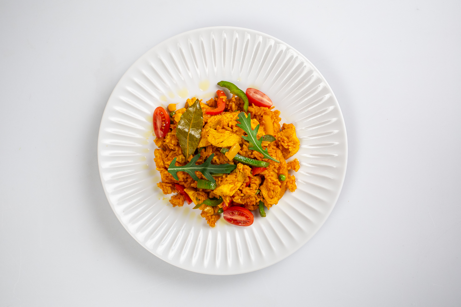Na oleji speníme cibuľku a cesnak. Pridáme na rezančeky/kocky nakrájané kuracie prsia a orestujeme. Pridáme kurkumu a bobkový list a všetko krátko zarestujeme. Zalejeme krájanými paradajkami a varíme do potrebnej konzistencie. Podľa potreby podlievame hydinovým vývarom.
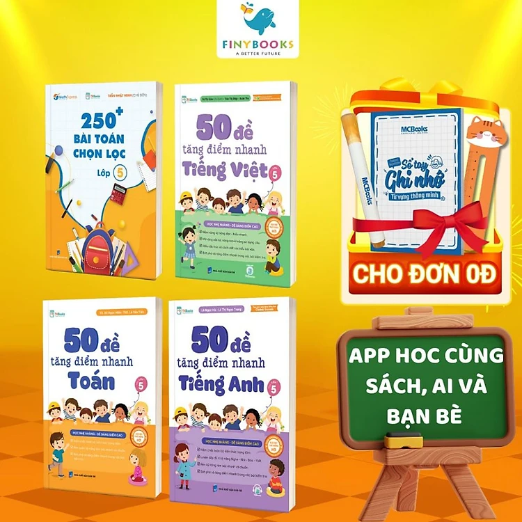 Sách - Combo 250 Bài Toán Chọn Lọc Và 50 Đề Tăng Điểm Nhanh Toán - Tiếng Việt - Tiếng Anh Lớp 4 - TKBooks
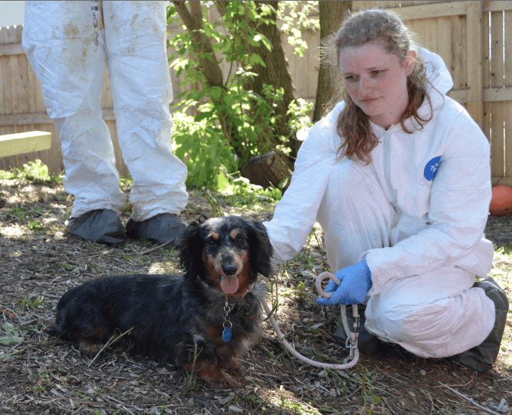 WHS received 80 dogs, 12 cats and 2 pigs from the seizure. Nearly every animal rescued from the deplorable conditions was in need of some medical attention. WHS treated dogs for respiratory infections, ear and eye infections, glaucoma, topical wounds, fleas, dental disease and paw injuries from standing in urine and feces.
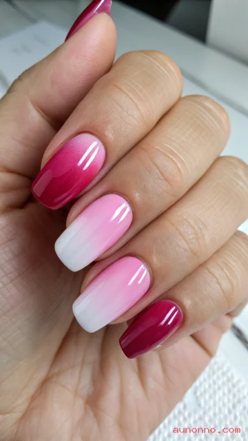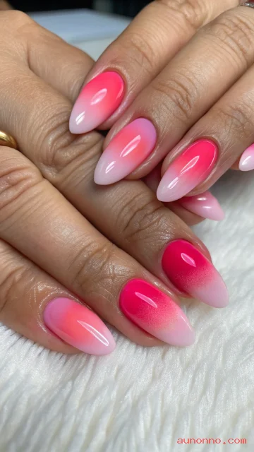 Aura nails feature a soft, blooming circle of color in the center of the nail. Use a sponge or an airbrush tool to diffuse a bright pink or red into a paler base. This creates a glowing, radiating effect that looks like an energy field.
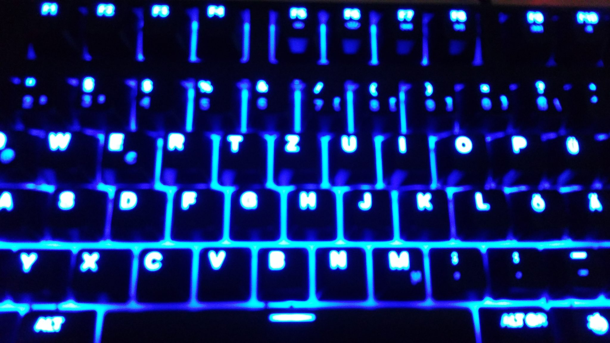 Neben den regulären F-Tasten lässt sich wirklich fast alles belegen bis auf eine einzelne Taste. Hierbei handelt es sich um die SteelSeries Taste, rechts neben ALT-GR. Diese fungiert ganz im geheimen sozusagen und ersetzt die reguläre FN-Taste. Haltet ihr diese gedrückt, können Multimediafunktionen oberhalb bei den F-Tasten genutzt werden. Somit lässt sich die Helligkeit der Tasten schnell und einfach umstellen, aber auch Lautstärke und Co. können modifiziert werden.

Goal of the exercise: Give back the material above exactly as it appears, minus the pictures.

Result:
Na oleji speníme cibuľku a cesnak. Pridáme na rezančeky/kocky nakrájané kuracie prsia a orestujeme. Pridáme kurkumu a bobkový list a všetko krátko zarestujeme. Zalejeme krájanými paradajkami a varíme do potrebnej konzistencie. Podľa potreby podlievame hydinovým vývarom.
 Sách - Combo 250 Bài Toán Chọn Lọc Và 50 Đề Tăng Điểm Nhanh Toán - Tiếng Việt - Tiếng Anh Lớp 4 - TKBooks
 WHS received 80 dogs, 12 cats and 2 pigs from the seizure. Nearly every animal rescued from the deplorable conditions was in need of some medical attention. WHS treated dogs for respiratory infections, ear and eye infections, glaucoma, topical wounds, fleas, dental disease and paw injuries from standing in urine and feces.
 Aura nails feature a soft, blooming circle of color in the center of the nail. Use a sponge or an airbrush tool to diffuse a bright pink or red into a paler base. This creates a glowing, radiating effect that looks like an energy field.
 Neben den regulären F-Tasten lässt sich wirklich fast alles belegen bis auf eine einzelne Taste. Hierbei handelt es sich um die SteelSeries Taste, rechts neben ALT-GR. Diese fungiert ganz im geheimen sozusagen und ersetzt die reguläre FN-Taste. Haltet ihr diese gedrückt, können Multimediafunktionen oberhalb bei den F-Tasten genutzt werden. Somit lässt sich die Helligkeit der Tasten schnell und einfach umstellen, aber auch Lautstärke und Co. können modifiziert werden.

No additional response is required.